Battle for GB Energy turns into an energy culture war
Aberdeen is the obvious location but it's too close to Big Oil for the Milibandistas
It is arguably the most ambitious industrial project undertaken by Britain since the industrial revolution. Ed Miliband wants to ‘cleanse’ the UK energy grid by 2030. This will involve nearly quadrupling the capacity of offshore wind from 15 gigawatts to 55 gigawatts, according to The Economist. Yet it takes ten years just to get a wind farm through the dense thicket of regulation that impede such developments. GB Energy, Labour’s “publicly-owned national clean energy champion” is expected to cut through the red tape and drive this epic venture in partnership with private capital. Keir Starmer has promised to reward UK families by slashing UK heating bills in the process.
Erecting offshore wind farms is only half the battle to achieve this historic break with oil and gas. The electricity grid will have to be upgraded to accommodate all the electricity generated by massive offshore and onshore wind turbines. That will involve huge investment of trillions, mostly from the private sector and, as this author has pointed out, mobilising the engineering skills of energy companies that have been developing North Sea Oil over the last half century. Companies that have been largely demonised by Labour MPs as climate destroyers and reapers of fossil super-profits.

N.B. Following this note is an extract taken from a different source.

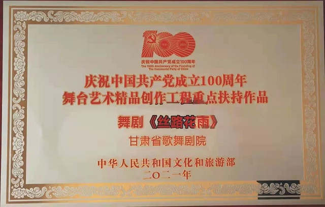 中國甘肅網(wǎng)12月19日訊 12月18日,文化和旅游部在山東省青島市召開的“2021年全國藝術創(chuàng)作工作會議”上,發(fā)布了“慶祝中國共產(chǎn)黨成立100周年舞臺藝術精品創(chuàng)作工程”入選名單,頒發(fā)了“慶祝中國共產(chǎn)黨成立100周年舞臺藝術精品創(chuàng)作工程獎牌”。甘肅省文化和旅游廳遴選推薦的舞劇《絲路花雨》《大夢敦煌》《彩虹之路》、隴劇《官鵝情歌》、小品《你笑起來真好看》等5部舞臺藝術精品,經(jīng)文旅部評審正式入選“舞臺藝術精品創(chuàng)作工程重點扶持作品”。甘肅省歌舞劇院創(chuàng)排的舞劇《絲路花雨》作為12家“百年百部”工程受獎單位在全國藝術創(chuàng)作工作會議上接受獎牌和榮譽證書,甘肅省文旅廳、山東省文旅廳等參會代表12家領獎單位上臺領獎,充分展現(xiàn)了文旅部對甘肅省入選作品質(zhì)量及組織工作的高度肯定。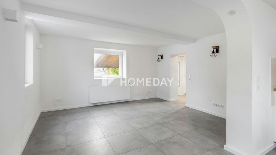 Beim Betreten des Hauses werden Sie von einem hellen, einladenden Flur empfangen, der den Charakter und die Wärme dieser Immobilie spürbar macht. Auf etwa 61 Quadratmetern Wohnfläche erstrecken sich drei gut geschnittene Zimmer über zwei Etagen – ideal für Paare, kleine Familien oder Individualisten, die das Besondere lieben.

The obvious place to locate GB Energy would seem to be Aberdeen, centre of Scotland’s world class energy industry. That’s where the engineering know-how resides and where project developers in the sector have been located for decades. But a bitter row broke out between the Labour Party and the industry about whether Aberdeen was the right home for GB Energy - or whether the city should be punished for being too close to Big Oil. This has exposed many of the contradictions at the heart of UK energy policy and the red-green ideology that informs it.